無知故に
「……ヒ、ヒイイイイイイイィィィ!」
サイクロプスの目が自分に合うのを自覚した課長は、腰が抜けてへたり込んでいる自分の肥え過ぎた体をズリズリと必死に後退させる。
「ば、馬鹿な……あ、あの二人がやられるなんて……あり得ない」
頼りにしていた兄妹の死に、顔面蒼白となった課長はどうにかこの場から逃げようと必死に手足を動かす。
その後には、ナメクジが通ったような一筋の濡れた跡が残っていた。
どうやら恐怖のあまり、失禁してしまったようだ。
「嫌だ……わ、私は…………優秀なんだ。こんなところで死ぬはずがない……誰か…………誰か!」
自分が粗相をしてしまったことなど気付いていない課長は、迫りくるサイクロプスから逃げながら必死に助けを呼ぶ。
だが、その声に応えてくれる者は当然ながらいない。
「こ、こんなはずじゃ……わ、私はただ、長い休暇で暇になるから……異世界で女をはべらせて楽しもうとしただけなのに…………クソッ、あいつめ訴えてやるぞ」
涙を流しながら這い続ける課長は、自分をこんな状況に陥れた何者かに対して文句を言い続けるが、それは完全にお門違いだった。
この世界へと渡る前に、こういう事態に陥ることがあるという警告は既にあり、それに同意した上で異世界へと来たのだから、こうなったのは全て課長の責任であった。
「だ、誰もいい……早く誰か助けて………………」
顔を涙と鼻水で濡らしながら這い続けている課長は、自信の体に影が差すのが見え、おそるおそる後ろを振り返る。

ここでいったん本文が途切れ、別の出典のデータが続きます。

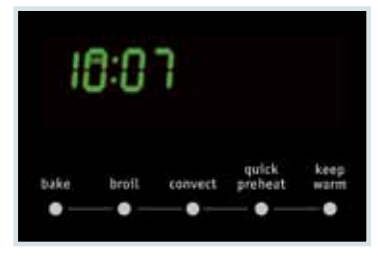
Keep Warm Setting Keep food warm until everything – and everyone – is ready.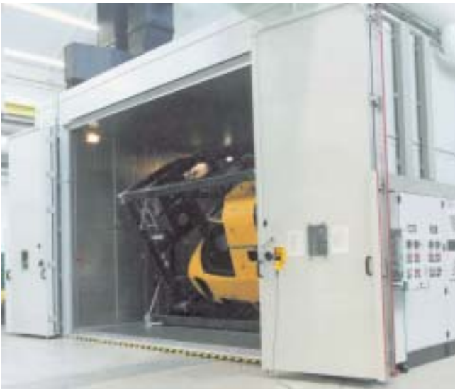
Recirculation air tempering oven with mobile rotating frame for CFRP helicopter cockpits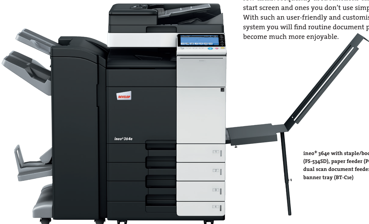
ineo+ 364e with staple/booklet finisher (FS-534SD), paper feeder (PC-210), dual scan document feeder (DF-701), banner tray (BT-C1e)

Many multifunctional office systems are anything but user-friendly. The ineo+ 364e, in contrast, is simplicity itself. An intuitive, easily understandable operating concept ensures that it is as easy to use as your smartphone or tablet. The 9-inch capacitive touchscreen comes with familiar multi-touch operations such as flick, drag&drop and pinch in&out – so you will feel at home in this system in no time at all. Thanks to a new menu navigation structure you can see all functions in one go and select the settings you want with just a few clicks. Frequently used functions can be left on the start screen and ones you don't use simply removed. With such a user-friendly and customisable office system you will find routine document production jobs become much more enjoyable.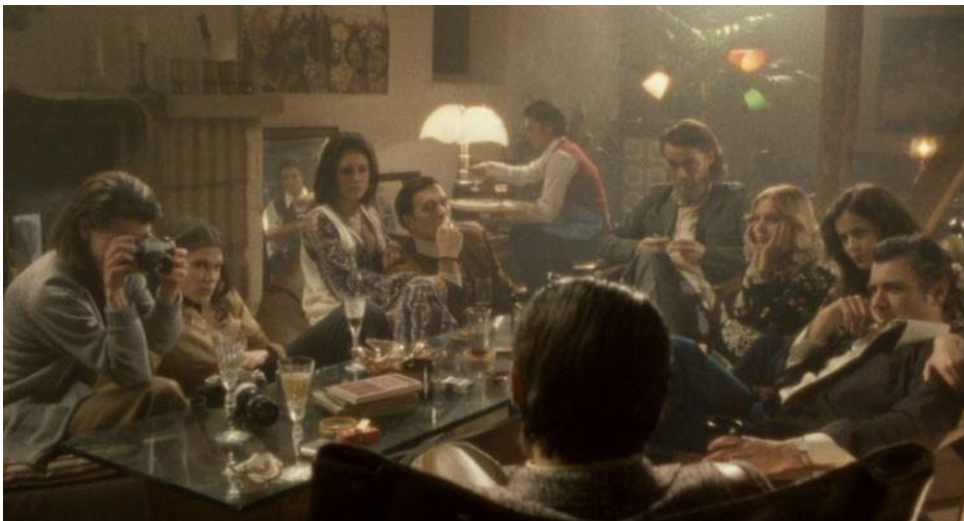
Figure 15 – Biedma, in the foreground, surrounded by his friends in El cónsul de Sodoma

The music score highlights the film's key themes of death, the passing of time and the fleeting nature of youth, all of them worries that populate Jaime's and his friends' conversations. Sara Montiel's La flor del mal ('The Flower of Evil'), is used over the images of Jaime lustfully looking at an athletic young builder in his flat, and then at a young rent-boy dancing with an older man in a clandestine nightclub. One of Jaime Gil de Biedma's poems is also heard in a voiceover (read by Jordi Mollà), with the sentences 'me recuerdas el pasado, y dices que envejezco' ('you remind me of the past, and you say that I am growing old'), following shortly after Montiel's verse 'y por mi eterna tristeza' ('and because of my eternal sadness') is heard. It is not homosexuality that is being analysed here, nor presented as the cause of the 'eterna tristeza', rather it is the simple human sadness at time running out – that he is growing old ('envejezco'). These themes, as he discusses with his group of friends, all writers, are not part of his (homo)identity, but are a shared feeling.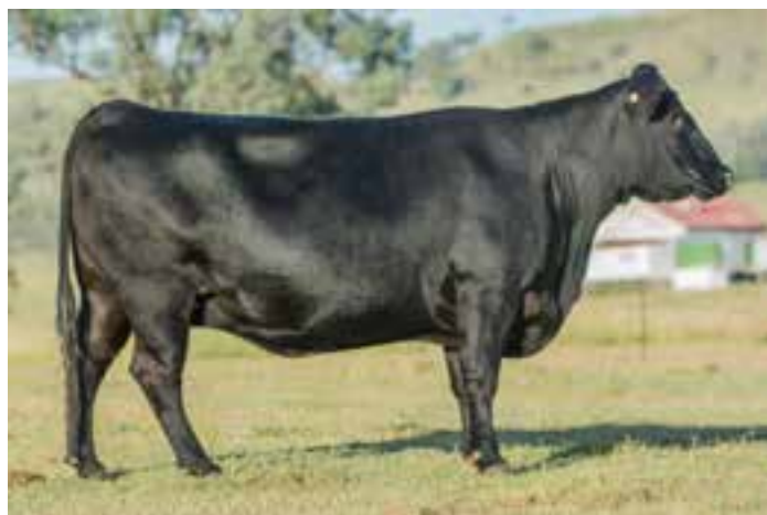
DAM: Booroomooka Volition C11(AI)(ET)NGMC11

「ヒ、ヒヒ…………ヒイイイイイイイイイイイイイイイイイイイイィィィッ!!」
そこにはいつの間にか課長のすぐ後ろまで辿り着き、右手だけで棍棒を振りかぶっているサイクロプスがいた。
大きな目をギョロリと動かすサイクロプスの口の端には、人のものと思われる赤い血が付着しており、それを見た課長は首を激しく左右に振りながら土下座をすると、大声で命乞いをする。
「や、やめろ! この私が誰だかわかっているのか!? ここで私を殺したら、お前は絶対に後悔するぞ! か、金ならある……だから……だから…………」
命だけは助けてくれ。滂沱の涙を流しながら懇願する課長だったが、そもそも人の言葉を理解しているかどうかわからないサイクロプスに通じるはずもなく、
「グオオオオオオオオオオオオッ!!」
サイクロプスは、叫び声を上げながら血のついた棍棒を容赦なく振り下ろす。
その棍棒は、土下座をする課長を押し潰すかと思われたが…………、
「…………甘いな」
泣き顔から一転、課長は顔を上げると、唯一の装備品である大盾を構えて自分に与えられたスキル名を発声する。
「リフレクトシールドオオオオォォォ!」
それは課長が操っていた職業ナイトが持つ最上位スキルで、このスキル発動中に盾に攻撃を仕掛けてしまった者は、攻撃を大きく弾かれるだけでなく、強制スタン状態にされておよそ十秒間、相手に無防備な姿を晒す羽目になる脅威のスキルだった。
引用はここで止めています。